PROBLEM REQUIREMENTS: Write the listing out again word for word, leaving each picture behind.

COLLECTED MATERIAL:
★ ★ ★ ★ ★
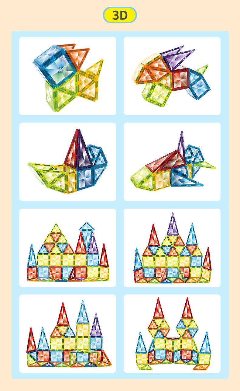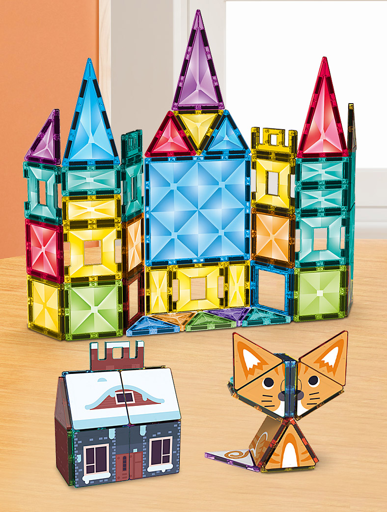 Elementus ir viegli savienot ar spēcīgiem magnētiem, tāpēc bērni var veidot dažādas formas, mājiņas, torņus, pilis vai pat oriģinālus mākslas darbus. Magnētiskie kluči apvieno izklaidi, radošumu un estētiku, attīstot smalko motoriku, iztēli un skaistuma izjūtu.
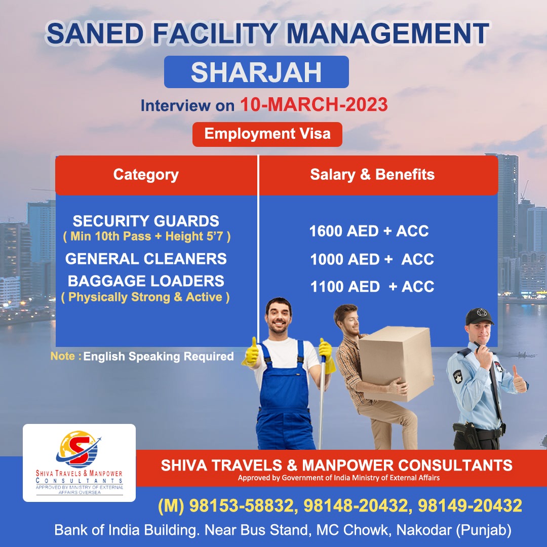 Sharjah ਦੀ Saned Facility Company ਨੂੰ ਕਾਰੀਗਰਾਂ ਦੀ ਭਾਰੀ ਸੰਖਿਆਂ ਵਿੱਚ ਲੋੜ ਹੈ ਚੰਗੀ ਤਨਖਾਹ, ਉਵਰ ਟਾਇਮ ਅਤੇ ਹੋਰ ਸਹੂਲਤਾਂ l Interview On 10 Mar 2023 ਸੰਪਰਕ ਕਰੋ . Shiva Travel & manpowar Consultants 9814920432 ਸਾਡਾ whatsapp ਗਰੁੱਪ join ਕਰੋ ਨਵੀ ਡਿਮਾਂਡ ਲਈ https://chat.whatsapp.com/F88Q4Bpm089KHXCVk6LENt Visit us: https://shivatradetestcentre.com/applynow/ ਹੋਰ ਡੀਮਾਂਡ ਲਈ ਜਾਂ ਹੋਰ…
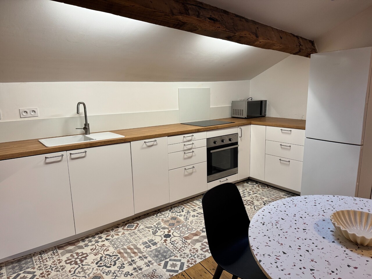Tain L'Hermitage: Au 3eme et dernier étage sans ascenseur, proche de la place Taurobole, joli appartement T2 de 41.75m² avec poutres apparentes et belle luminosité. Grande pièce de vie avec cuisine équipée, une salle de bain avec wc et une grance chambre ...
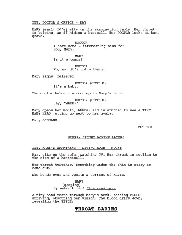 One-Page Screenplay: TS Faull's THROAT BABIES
★ ★ ★ ★ ★
RESPONSE FOR THIS EXERCISE:
 Elementus ir viegli savienot ar spēcīgiem magnētiem, tāpēc bērni var veidot dažādas formas, mājiņas, torņus, pilis vai pat oriģinālus mākslas darbus. Magnētiskie kluči apvieno izklaidi, radošumu un estētiku, attīstot smalko motoriku, iztēli un skaistuma izjūtu.
 Sharjah ਦੀ Saned Facility Company ਨੂੰ ਕਾਰੀਗਰਾਂ ਦੀ ਭਾਰੀ ਸੰਖਿਆਂ ਵਿੱਚ ਲੋੜ ਹੈ ਚੰਗੀ ਤਨਖਾਹ, ਉਵਰ ਟਾਇਮ ਅਤੇ ਹੋਰ ਸਹੂਲਤਾਂ l Interview On 10 Mar 2023 ਸੰਪਰਕ ਕਰੋ . Shiva Travel & manpowar Consultants 9814920432 ਸਾਡਾ whatsapp ਗਰੁੱਪ join ਕਰੋ ਨਵੀ ਡਿਮਾਂਡ ਲਈ https://chat.whatsapp.com/F88Q4Bpm089KHXCVk6LENt Visit us: https://shivatradetestcentre.com/applynow/ ਹੋਰ ਡੀਮਾਂਡ ਲਈ ਜਾਂ ਹੋਰ…
Tain L'Hermitage: Au 3eme et dernier étage sans ascenseur, proche de la place Taurobole, joli appartement T2 de 41.75m² avec poutres apparentes et belle luminosité. Grande pièce de vie avec cuisine équipée, une salle de bain avec wc et une grance chambre ...
 One-Page Screenplay: TS Faull's THROAT BABIES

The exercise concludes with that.